Munshi Balaram was a close associate of Raja Sitaram Ray. According to noted writer Satishchandra Mitra, he was a descendant of Mahatma Narasimha Das, a contemporary personality of Ballal Sena of Sena Dynasty. As a result of a conflict with Ballal Sena, Tilak Karkat and Jatadhar Nag belonging to Barendra Kayastha clan established their state in Shailkupa, along with Das family, Nandy family and Chaki family under their refuge.

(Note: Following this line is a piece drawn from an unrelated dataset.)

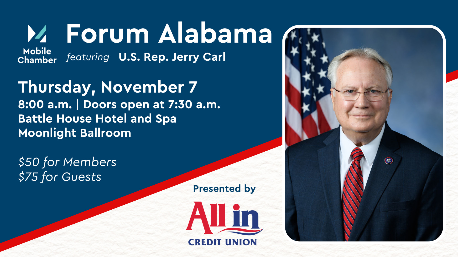 The Mobile Chamber’s Forum Alabama series provides a platform for Mobile’s business community to hear directly from members of Alabama’s congressional delegation and statewide elected officials on policy and business issues directly affecting our region.

Mahatma Narasimha Das is regarded as the progenitor of the Das family (later Munshi family), whose descendants finally settled at Shailkupa, as a result of warfare and hostilities. Their efficient political diplomacy established them as aristocrats within Bengal, and they were conferred with the title Majumdar by Nawab of Bengal. But, due to continuous joint attacks of Arakanese and Portuguese pirates forced Majumdar Rajivlochan Das, father of Munshi Balaram, to move from Shailkupa to initially Dariapur, followed by Kadirpara, along with family. Rajivlochan had three sons named Hariram, Ramram and Balaram, respectively. It is said that Ramram and Balaram once fought off the attack of the fearsome robbers with immense courage which grabbed the attention of Raja Sitaram Ray. The Raja granted the siblings a whole village called 'Bil Pakuria', and appointed Balaram as Munshi in his court. Following this, Munshi Balaram was established in power helping himself to raise huge wealth in Kadirpara, which resulted in the foundation of Kadirpara Estate. The Munshis were involved in philanthropy, educational upbringing and religious reformation in Dariapur and Kadirpara. The Dariapur Shri Shri Siddheshwari Kalimata Temple was founded by the Munshis of Kadirpara. The last zamindar of the estate, Babu Gopendranath Munshi was a physician and licensed medical practitioner who used to provide treatment free of charge to financially challenged commoners.

==Zamindars==
- Munshi Balaram Das (childless, succeeded by Ramram's son Radhakrishna), Ramram Das and Hariram Das
- Babu Radhakrishna Munshi
- Babu Raghunath Munshi
- Babu Gobindanath Munshi
- Babu Chandranath Munshi
- Babu Jatindranath Munshi
- Babu Gopendranath Munshi

==Debuttar Estate==
The zamindars of Kadirpara endowed 10 acres land of their property in favour of their family deity Radhakanta Lakshmi Narayan Jiu. According to a report published in Dhaka Tribune in 2017, there was an incident of vandalizing the Radhakanta Lakshmi Narayan Jiu and Shitala temples at Sreepur Upazila, within the Debuttar Estate. The zamindars also founded the 150 years old Sri Sri Siddheswari Kali temple in Dariapur. In 2022, there was an incident of theft in the Siddheswari Kali temple.